╔══
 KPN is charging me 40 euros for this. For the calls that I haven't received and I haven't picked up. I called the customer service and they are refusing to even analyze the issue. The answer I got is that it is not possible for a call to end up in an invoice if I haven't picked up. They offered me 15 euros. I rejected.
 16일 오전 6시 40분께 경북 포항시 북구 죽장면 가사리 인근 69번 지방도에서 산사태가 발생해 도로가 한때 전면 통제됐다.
╚══
╔══
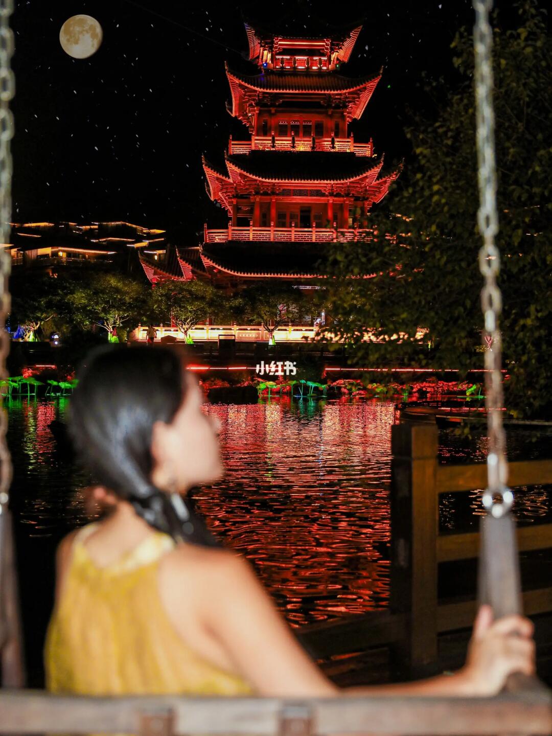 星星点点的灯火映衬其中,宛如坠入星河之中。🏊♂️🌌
╚══
╔══
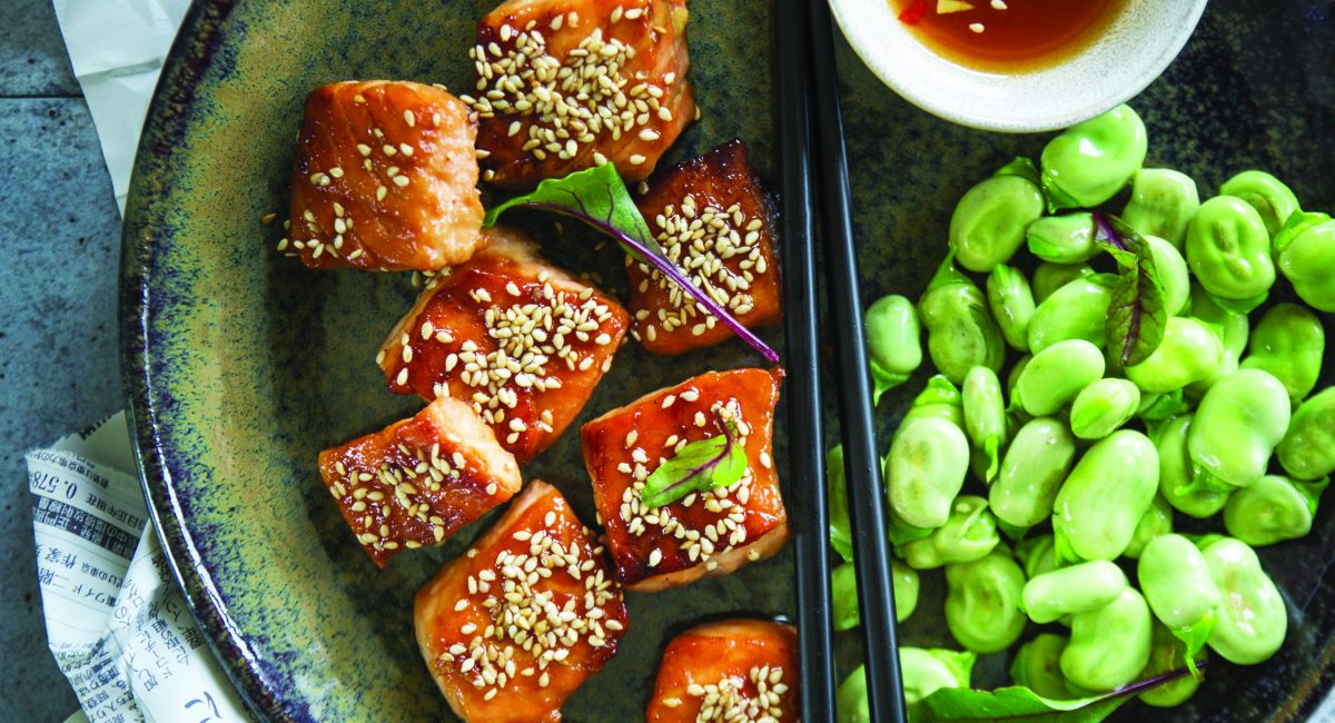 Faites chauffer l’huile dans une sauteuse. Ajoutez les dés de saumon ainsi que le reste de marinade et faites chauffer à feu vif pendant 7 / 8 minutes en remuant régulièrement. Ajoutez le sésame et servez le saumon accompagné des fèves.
╚══
§ **What is being asked**
Extract from the records above the lines from the one containing "KPN is charging" to the one containing "16일 오전 6시 40분께", both lines included, exactly as they appear and with nothing else.

§ **Response below**
 KPN is charging me 40 euros for this. For the calls that I haven't received and I haven't picked up. I called the customer service and they are refusing to even analyze the issue. The answer I got is that it is not possible for a call to end up in an invoice if I haven't picked up. They offered me 15 euros. I rejected.
 16일 오전 6시 40분께 경북 포항시 북구 죽장면 가사리 인근 69번 지방도에서 산사태가 발생해 도로가 한때 전면 통제됐다.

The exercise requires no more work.